No pictures go into the copy. Write out exactly the lines below from the one containing "情報システム学科2年生と1年生が参加し、使える言語は、Java PHP Python" through the one containing "인천서구 착한마디병원 예약".

* [DATASET ENTRIES]
---+---
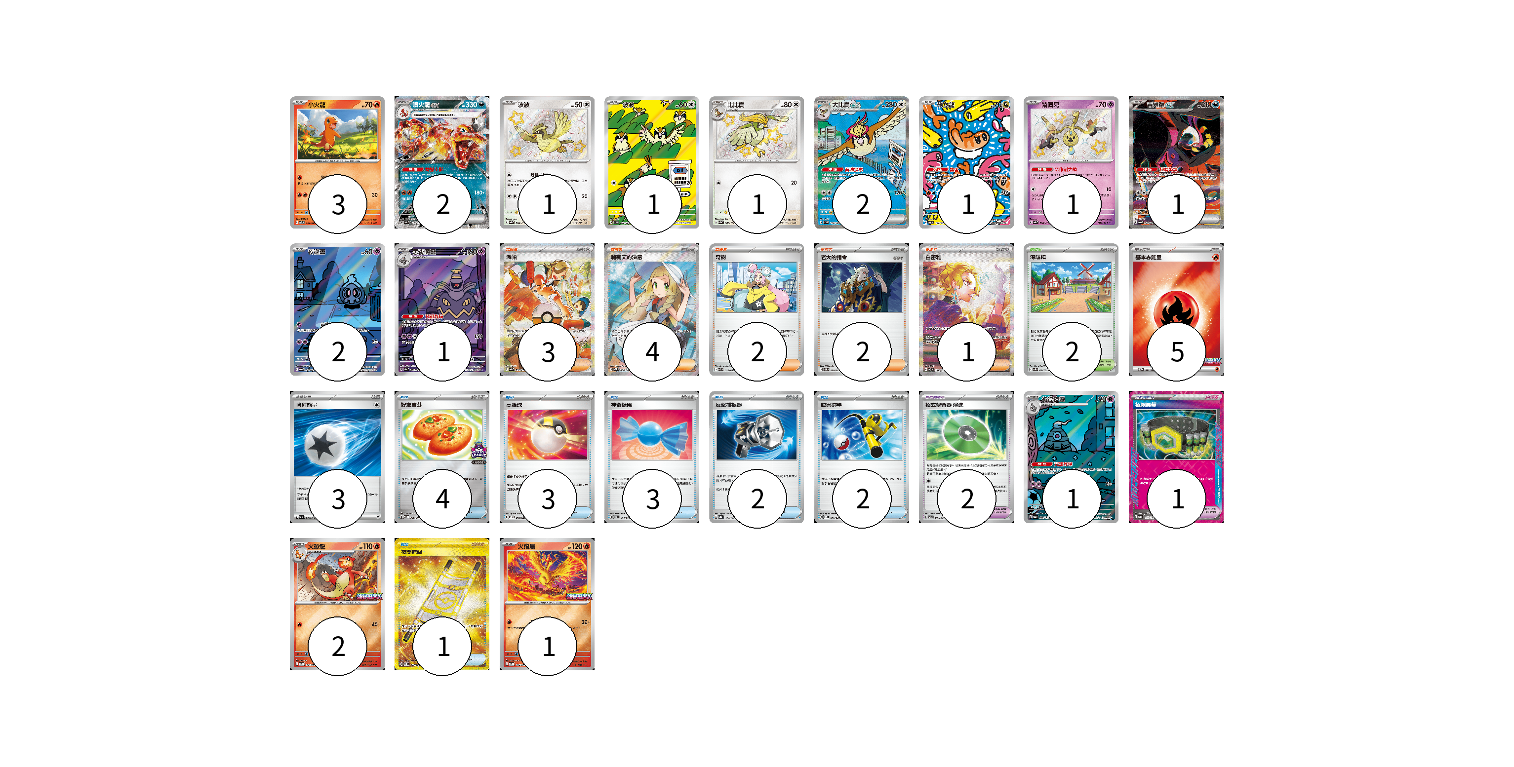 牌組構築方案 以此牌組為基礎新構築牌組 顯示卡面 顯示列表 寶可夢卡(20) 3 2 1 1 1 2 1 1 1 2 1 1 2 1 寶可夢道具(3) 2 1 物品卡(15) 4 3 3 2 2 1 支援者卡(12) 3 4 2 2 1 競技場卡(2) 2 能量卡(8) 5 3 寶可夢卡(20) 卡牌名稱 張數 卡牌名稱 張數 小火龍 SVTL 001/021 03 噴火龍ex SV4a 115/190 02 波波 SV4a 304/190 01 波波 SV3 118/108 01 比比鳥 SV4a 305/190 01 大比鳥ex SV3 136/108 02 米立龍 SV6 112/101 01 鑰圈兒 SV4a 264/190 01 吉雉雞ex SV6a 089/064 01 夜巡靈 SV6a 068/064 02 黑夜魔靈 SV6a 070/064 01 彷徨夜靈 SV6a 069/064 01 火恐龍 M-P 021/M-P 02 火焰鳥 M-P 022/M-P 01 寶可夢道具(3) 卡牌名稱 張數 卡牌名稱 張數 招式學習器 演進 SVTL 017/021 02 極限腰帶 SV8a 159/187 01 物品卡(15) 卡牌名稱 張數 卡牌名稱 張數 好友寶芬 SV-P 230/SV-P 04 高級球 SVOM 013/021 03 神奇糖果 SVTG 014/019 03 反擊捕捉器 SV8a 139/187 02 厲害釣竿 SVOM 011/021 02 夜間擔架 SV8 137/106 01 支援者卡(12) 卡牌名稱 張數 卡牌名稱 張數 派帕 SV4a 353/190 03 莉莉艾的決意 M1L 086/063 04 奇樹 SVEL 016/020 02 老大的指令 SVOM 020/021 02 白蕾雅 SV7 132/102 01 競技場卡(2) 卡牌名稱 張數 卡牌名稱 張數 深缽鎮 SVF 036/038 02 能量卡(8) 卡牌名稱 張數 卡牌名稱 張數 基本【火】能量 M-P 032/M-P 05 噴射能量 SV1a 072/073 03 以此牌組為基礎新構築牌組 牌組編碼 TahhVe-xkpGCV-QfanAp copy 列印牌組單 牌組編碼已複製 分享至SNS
---+---
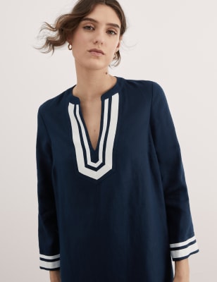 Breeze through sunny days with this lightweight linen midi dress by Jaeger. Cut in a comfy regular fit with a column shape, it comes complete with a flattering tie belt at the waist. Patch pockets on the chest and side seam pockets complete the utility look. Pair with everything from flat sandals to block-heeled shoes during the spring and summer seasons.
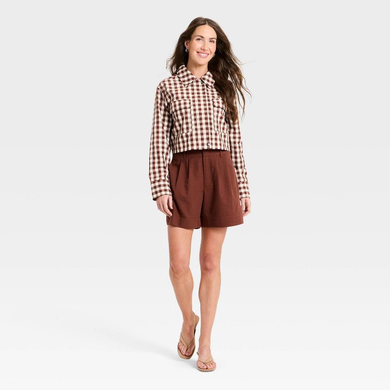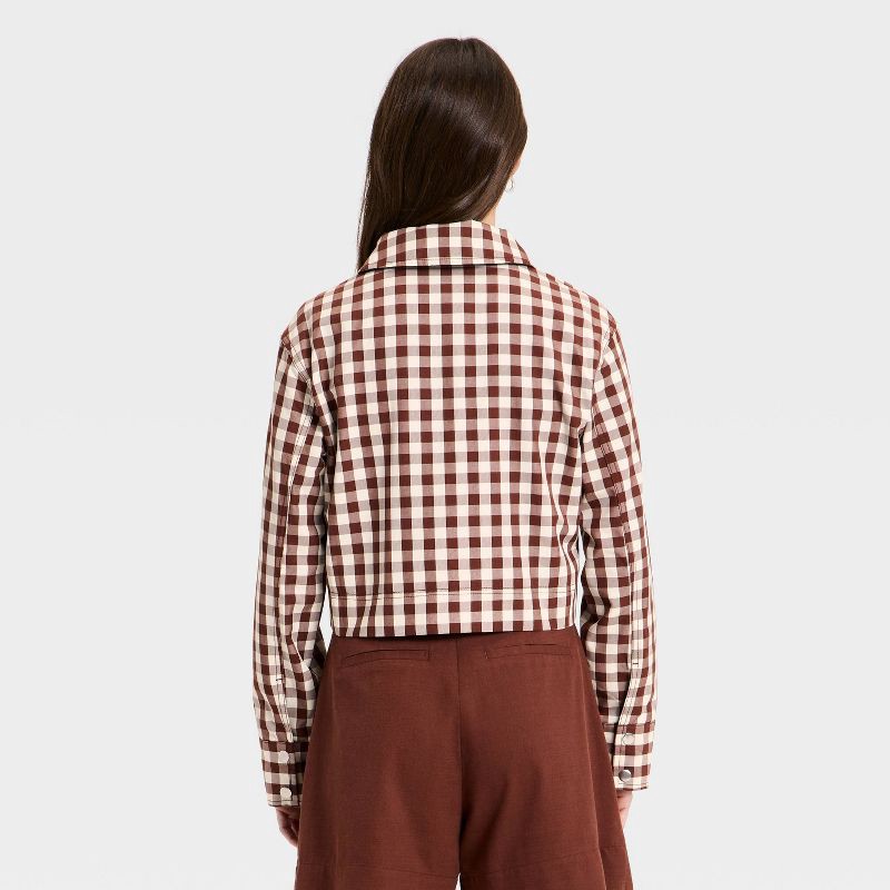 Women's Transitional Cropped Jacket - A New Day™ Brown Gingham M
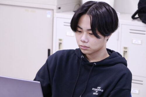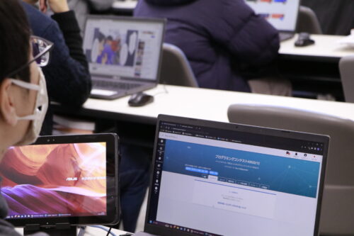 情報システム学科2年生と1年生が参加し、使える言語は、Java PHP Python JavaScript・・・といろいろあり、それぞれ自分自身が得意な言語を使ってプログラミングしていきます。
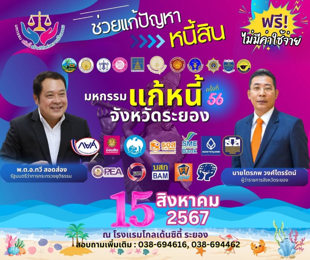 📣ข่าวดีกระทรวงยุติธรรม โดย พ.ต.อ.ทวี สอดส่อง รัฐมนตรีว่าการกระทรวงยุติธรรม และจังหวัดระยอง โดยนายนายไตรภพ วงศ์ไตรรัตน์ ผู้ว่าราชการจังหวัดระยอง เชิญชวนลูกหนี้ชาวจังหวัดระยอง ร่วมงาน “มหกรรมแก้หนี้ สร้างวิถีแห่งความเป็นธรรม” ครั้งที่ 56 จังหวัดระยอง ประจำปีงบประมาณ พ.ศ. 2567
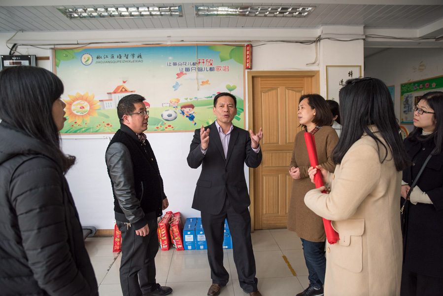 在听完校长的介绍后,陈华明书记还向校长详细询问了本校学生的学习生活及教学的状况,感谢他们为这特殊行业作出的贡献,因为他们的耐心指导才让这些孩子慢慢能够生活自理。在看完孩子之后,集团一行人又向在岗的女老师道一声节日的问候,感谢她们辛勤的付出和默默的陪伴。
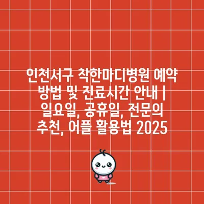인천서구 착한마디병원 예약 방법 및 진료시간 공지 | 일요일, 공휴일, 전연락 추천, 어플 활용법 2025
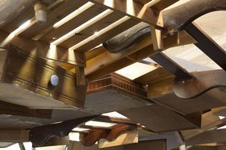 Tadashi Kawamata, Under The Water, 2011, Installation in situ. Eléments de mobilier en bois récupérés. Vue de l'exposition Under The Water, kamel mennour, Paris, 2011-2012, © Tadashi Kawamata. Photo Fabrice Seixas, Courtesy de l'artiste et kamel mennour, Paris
---+---
* [WRITTEN RESPONSE]
 情報システム学科2年生と1年生が参加し、使える言語は、Java PHP Python JavaScript・・・といろいろあり、それぞれ自分自身が得意な言語を使ってプログラミングしていきます。
 📣ข่าวดีกระทรวงยุติธรรม โดย พ.ต.อ.ทวี สอดส่อง รัฐมนตรีว่าการกระทรวงยุติธรรม และจังหวัดระยอง โดยนายนายไตรภพ วงศ์ไตรรัตน์ ผู้ว่าราชการจังหวัดระยอง เชิญชวนลูกหนี้ชาวจังหวัดระยอง ร่วมงาน “มหกรรมแก้หนี้ สร้างวิถีแห่งความเป็นธรรม” ครั้งที่ 56 จังหวัดระยอง ประจำปีงบประมาณ พ.ศ. 2567
 在听完校长的介绍后,陈华明书记还向校长详细询问了本校学生的学习生活及教学的状况,感谢他们为这特殊行业作出的贡献,因为他们的耐心指导才让这些孩子慢慢能够生活自理。在看完孩子之后,集团一行人又向在岗的女老师道一声节日的问候,感谢她们辛勤的付出和默默的陪伴。
인천서구 착한마디병원 예약 방법 및 진료시간 공지 | 일요일, 공휴일, 전연락 추천, 어플 활용법 2025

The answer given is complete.